India Finance Minister: Limitations on Gold Imports to be Looked Over by March


New Delhi – The government is improbable to raise import restrictions on gold before the end of this economic year, finance minister P Chidambaram demonstrated on Monday when he said the taut curbs will be reconsidered only after March.

The investment minister’s declaration comes amid hectic lobbying by gold traders and jewelers for lowering of the trade obstacles and a roll back of the high trade obligation following dramatic improvement in the country’s current account deficit.

Commerce representatives had even in writing to the joined Progressive coalition chairperson Sonia Gandhi, prompting her to inquire the commerce ministry to look into their demand.

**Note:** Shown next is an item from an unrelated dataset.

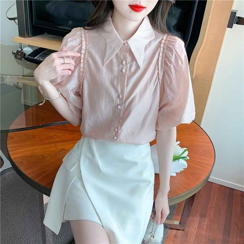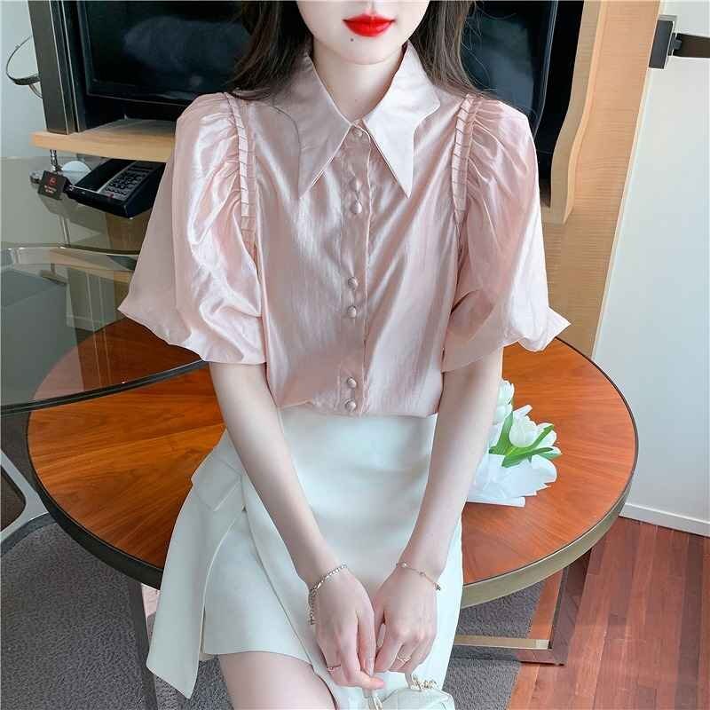 半袖シャツ ブラウス ボリューム袖 シャーリング きれいめ 清楚 レトロ S ピンク

Chidambaram said addressing levy officials in Delhi on the occasion of culture Day “I am confident that by the end of this year we will be able to revisit some of the limits on gold trade, but we will do so only when we are wholeheartedly certain that we have a firm grab on the present account deficit,”

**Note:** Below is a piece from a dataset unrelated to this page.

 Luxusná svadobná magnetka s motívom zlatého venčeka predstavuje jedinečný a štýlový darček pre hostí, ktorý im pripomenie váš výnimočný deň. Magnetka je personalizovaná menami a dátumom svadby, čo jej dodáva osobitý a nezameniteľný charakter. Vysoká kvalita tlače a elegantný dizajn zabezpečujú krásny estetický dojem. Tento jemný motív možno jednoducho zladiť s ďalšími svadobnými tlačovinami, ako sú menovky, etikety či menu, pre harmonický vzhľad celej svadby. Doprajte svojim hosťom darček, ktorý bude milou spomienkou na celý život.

The government had enforced a sequence of curbs on gold imports in 2013, encompassing raising culture obligation to 10% from 2% in three tranches, to rein in the country’s ballooning current account shortfall, which touched an all-time high of 4.8% of GDP in 2012-13. Gold is the country’s second-biggest import.

The Reserve Bank of India furthermore imposed curbs on gold imports such as the 80:20 direct, which mandated trade goods of 20% of gold imported.

The constrains compelled imports down to 19.3 tonnes in November from 162 tonnes in May, but part of the trade moved to unofficial passages. Finance receptionist Sumit Bose said the imports were a little higher in December.